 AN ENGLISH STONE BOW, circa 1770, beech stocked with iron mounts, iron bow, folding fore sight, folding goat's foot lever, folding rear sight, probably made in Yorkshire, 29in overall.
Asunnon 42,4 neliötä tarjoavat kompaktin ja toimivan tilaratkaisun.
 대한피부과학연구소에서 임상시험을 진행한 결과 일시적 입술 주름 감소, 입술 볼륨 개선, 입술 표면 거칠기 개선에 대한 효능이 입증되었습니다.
--
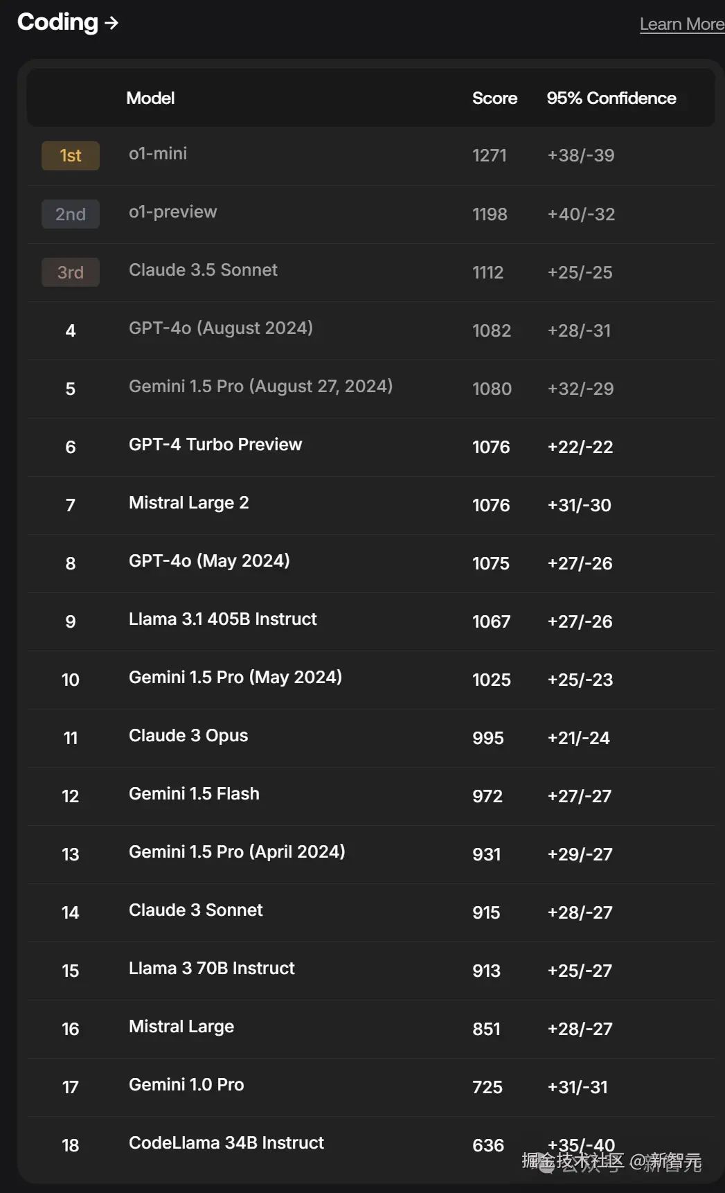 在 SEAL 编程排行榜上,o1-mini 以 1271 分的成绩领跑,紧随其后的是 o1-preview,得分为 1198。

* _Requirement_: From the material above, retype precisely the lines between the line holding "Asunnon 42,4 neliötä" and the line holding "대한피부과학연구소에서 임상시험을 진행한", inclusive, and nothing beyond them.

* _Response box_:
Asunnon 42,4 neliötä tarjoavat kompaktin ja toimivan tilaratkaisun.
 대한피부과학연구소에서 임상시험을 진행한 결과 일시적 입술 주름 감소, 입술 볼륨 개선, 입술 표면 거칠기 개선에 대한 효능이 입증되었습니다.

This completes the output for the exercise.